This part of the report is not intended to scare anyone but it is best to remain informed when something potentially this large could affect our working conditions. I am referring of course to the potential of an H1N1 pandemic. It has been widely reported that deaths from this strain could reach 90,000. While that is triple the normal mortality of the basic influenza this is nowhere close to the 1918 influenza pandemic. I call this to your attention because if you remember when SARS broke out it decimated the demand for air travel. SARS had a mortality rate of about ten percent which is high for a virus but only about 900 people died worldwide. It was the panic that did in air travel at that time. This could be a repeat. The Company has already begun the cleaning the aircraft with chemicals in preparation for the possibility of an outbreak. I would suggest you get your finances in order in case this does become as big as everyone thinks it will. There are no plans for layoffs that I am aware of, but that is what happened in 2003 so I am thinking it is better to be prepared.
This next item ties right into the above paragraph. Health care for those that can't afford it is essential for combating this type of disease. It is well known that disease spreads quickly amongst those that have no care and this potential pandemic will be no different. It is sad that we have a class of citizens in this country that are treated no better than those living in third world countries. Here is an overview of how the US stacks up to the rest of the industrialized world in Health Care for its citizens. Here is a very interesting study by the University of Maine on the issue. What you will see in both of these pieces is we have the most expensive coverage in the world but according to the WHO we stand thirty seventh in quality of care behind countries such as Morocco, Costa Rica, and Saudi Arabia. In addition if an H1N1 pandemic does force layoffs or consolidations in the industry it will affect many of us and our need for access to health care.
For those contemplating hand tool purchases I ask that you not consider SK Hand tools. Local 743 is striking this manufacturer over the discontinuance of their health insurance. What is particularly heinous is the employer never informed the workers they no longer had coverage. Here is a YouTube link where the strikers speak out about the issues.

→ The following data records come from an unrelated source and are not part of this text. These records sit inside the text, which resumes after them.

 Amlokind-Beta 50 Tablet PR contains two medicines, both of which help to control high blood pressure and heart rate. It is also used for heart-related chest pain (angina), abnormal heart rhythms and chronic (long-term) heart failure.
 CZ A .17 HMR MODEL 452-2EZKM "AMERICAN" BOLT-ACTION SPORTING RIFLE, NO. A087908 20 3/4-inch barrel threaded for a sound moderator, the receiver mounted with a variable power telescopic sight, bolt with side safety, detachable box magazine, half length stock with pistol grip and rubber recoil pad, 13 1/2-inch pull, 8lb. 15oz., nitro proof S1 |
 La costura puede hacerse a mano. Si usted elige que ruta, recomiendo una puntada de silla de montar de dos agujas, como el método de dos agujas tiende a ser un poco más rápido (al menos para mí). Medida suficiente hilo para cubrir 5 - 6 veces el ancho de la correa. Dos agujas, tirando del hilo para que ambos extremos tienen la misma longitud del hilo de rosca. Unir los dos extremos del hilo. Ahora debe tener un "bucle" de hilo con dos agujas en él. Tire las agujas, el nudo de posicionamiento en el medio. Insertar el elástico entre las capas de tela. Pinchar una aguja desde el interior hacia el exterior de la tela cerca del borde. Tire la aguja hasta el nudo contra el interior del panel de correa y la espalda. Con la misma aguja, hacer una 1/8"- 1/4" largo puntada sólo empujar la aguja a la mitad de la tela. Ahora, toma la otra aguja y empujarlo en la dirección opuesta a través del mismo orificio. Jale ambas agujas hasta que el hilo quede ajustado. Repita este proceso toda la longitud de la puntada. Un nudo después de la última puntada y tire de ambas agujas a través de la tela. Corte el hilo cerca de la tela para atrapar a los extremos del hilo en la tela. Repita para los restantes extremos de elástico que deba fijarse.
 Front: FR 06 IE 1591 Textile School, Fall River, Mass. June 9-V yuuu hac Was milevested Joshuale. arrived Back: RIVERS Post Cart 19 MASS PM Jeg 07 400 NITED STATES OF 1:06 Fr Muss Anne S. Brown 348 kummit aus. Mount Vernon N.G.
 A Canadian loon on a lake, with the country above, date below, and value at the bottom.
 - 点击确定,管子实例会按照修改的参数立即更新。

This week the Cabin Crew Subcommittee met with all the L1 managers in Chicago. We showed the Company how they could accomplish this work utilizing the ten hour schedule.
For the rest of the crew management has threatened to take away the ten hour schedule. There were many questions about this. Many members were under the impression that once established the Company cannot unilaterally eliminate it. Under Letter of Agreement 95-1M, and the subsequent 02-03M on page 180 of the old Agreement that was true, however under the second bankruptcy that letter was modified and this provision was eliminated. In reading the new LOA it is clear that AMFA wanted to give the Company a greater flexibility so that the Company would institute this schedule in more instances. Unfortunately the modifications while well intentioned did very little to expand or protect this schedule. Long story short, the Company will continue to attempt to hold this over the membership as long as this schedule is in effect.
I was informed that there would be upcoming training for the shop on various pieces of equipment.
Unfortunately the Labor/Management meeting had to be rescheduled due to a scheduling conflict. I will talk to Steve on Monday to determine when we can meet.